Minister of State
- In office November 2010 – June 2022
- Prime Minister: Khalifa bin Salman Al Khalifa; Salman bin Hamad Al Khalifa;

Personal details
- Born: 1947 (age 78–79)
- Alma mater: University of Alexandria

= Mohammed bin Ibrahim Al Mutawa =

Bahraini politician (born 1947)

Mohammed bin Ibrahim Al Mutawa (born September 1947) is a Bahraini politician, who served in different cabinet posts for nearly thirty years between 1993 and 2022.

==Early life and education==
Mutawa was born in September 1947. He received degrees in philosophy, psychology, and social sciences from the University of Alexandria.

==Career==
In 1972, Mutawa started his career as the head of youth activities at the then-labor and social affairs ministry. In 1974, he began to serve at the prime minister's office. In 1977, he was appointed executive director of the office which he held until 1993. He served as the minister of cabinet affairs from 1993 to 2005. From 26 June 1995 to 2001, he served as the minister of information. In 2001, he was appointed minister of the premier's affairs. From 2002 to 2006, he served as the minister of the cabinet affairs.
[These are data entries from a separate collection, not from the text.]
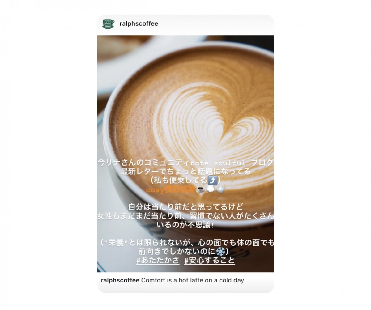 その時ちょうど目に入ったRalph's coffeeのメッセージがグッと来るcosyラテ投稿だったので、重ねてこんなつぶやきも投稿しちゃいました。(こういう便乗もよくあります)。
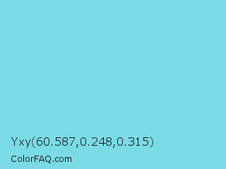 Yxy 60.587,0.248,0.315 Color is a light cyan color and the nearest color is Spray #79deec. Hex code #7adbe6 and RGB value is rgb(122,219,230). In RGB color space, this color is composed of 48% red, 86% green, 90% blue, In CMYK color space, this color is composed of 47% cyan, 5% magenta, 0% yellow , 10% black , In HSL color space, this color has a hue angle of 186° , 68% saturation and 69% lightness.
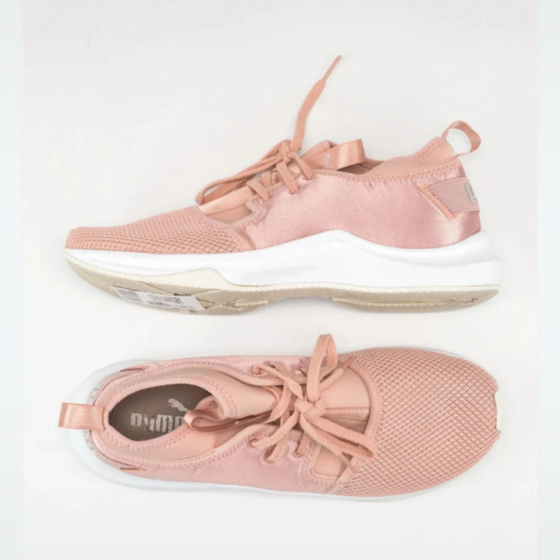Snygga sneakers från Puma i en ljusrosa ton med vit sula. Ovandelen är i mesh och syntet, vilket ger en sportig vibe. Skorna har snörning och Puma-logga baktill. Perfekta för dig som gillar stilrena och bekväma sneakers med modern känsla.

Mutawa was appointed cultural affairs advisor to prime minister in 2005. In 2009, he was nominated by Bahrain for the post of the general secretary of the Gulf Cooperation Council while serving as cultural affairs advisor. However, his nomination was not endorsed by Qatar. As a result of Qatar's objection over his nomination, Abdullatif bin Rashid Al Zayani was nominated by Bahrain for the post.

Mutawa was named as state minister for follow-up in 2010. His term ended in June 2022 when a new cabinet was announced by the King of Bahrain Hamad bin Isa Al Khalifa. During his long term in the Bahraini cabinets Mutawa was among the closest and powerful ministers of the former Prime Minister Khalifa bin Salman Al Khalifa.